The above exceptions present two points for examination.
1. Whether the mortgage deed was valid.
2. Whether it was duly recorded.
To the decision of the Court, that the evidence did not show that the stockholders had organized themselves under the act of incorporation, so as to enable them to execute a corporate deed, there was no exception. This ruling of the Circuit Court is not, therefore, brought before this Court.
The deed of mortgage purports to be executed by the corporation. The Union Steam Mill Company is the name of the corporation; and on the face of the deed, the company is stated to have been legally incorporated. Daniel Greene, as the agent of the company, and in its name, signed the deed, and affixed to it the seal of the corporation.
And the counsel for the plaintiff in error insist, that this mortgage can only be operative as the deed of the corporation. That if it be not the deed of the corporation, it is no deed. And that in no sense can it be considered the deed of the stockholders of the Union Steam Mill Company, as partners; independent of the act of incorporation.
This, it is said, would be giving a different effect to the deed from that which was intended by the parties who executed it. They bind themselves as corporators, and convey, as such, the property of the corporation; and to hold that the deed binds them in any other capacity, or conveys the property in any other, would not only essentially vary the terms of the deed, as clearly expressed upon its face, but it would be a fraud against the creditors of the company. And it is also insisted, that the deed, being under seal, and executed by only one of the partners, cannot bind the company.
From the record it appears that this company did business before the act of incorporation was passed, and that Daniel Greene acted as its agent. And that after the deed of William P. Salisbury, conveying to the company all his interest in the property, in May, 1837, Daniel Greene and R.W. Dickinson composed the stockholders of the company. And it appears, after they assumed their corporate functions, much formality was observed in the record of their proceedings.

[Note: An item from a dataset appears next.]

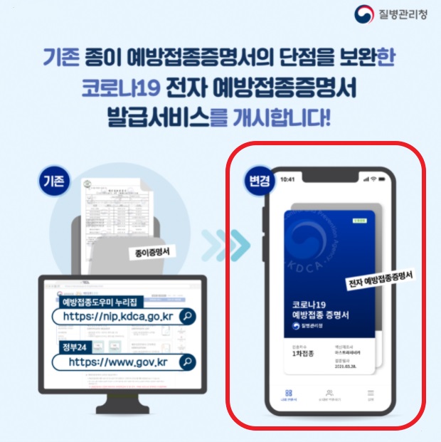 코로나19 예방접종증명서 인터넷 발급(종이), 전자증명서 발급(휴대폰)

Greene acted as chairman and Dickinson as secretary: motions were made, and, as it would seem, were unanimously decided. A special meeting of the stockholders was called, on the subject of executing *433 the mortgage, by a formal note, addressed by R.W. Dickinson, as clerk, to Daniel Greene, and another to himself.
In their business proceedings, generally, as well as in the execution of the mortgage, these individuals assumed to act as a corporation. But they were not authorized to act in this capacity. This fact must be taken as granted, at least so far as the decision of the present case.
And here a question arises, whether the acts of these individuals, in their assumed character as corporators, are void. May they hold themselves out to the world as entitled to certain corporate privileges, when they were not so entitled; and afterwards avoid their contract on this ground? This would be a somewhat new, and certainly a most successful mode of practising fraud. It would be enabling a party to take advantage of his own wrong.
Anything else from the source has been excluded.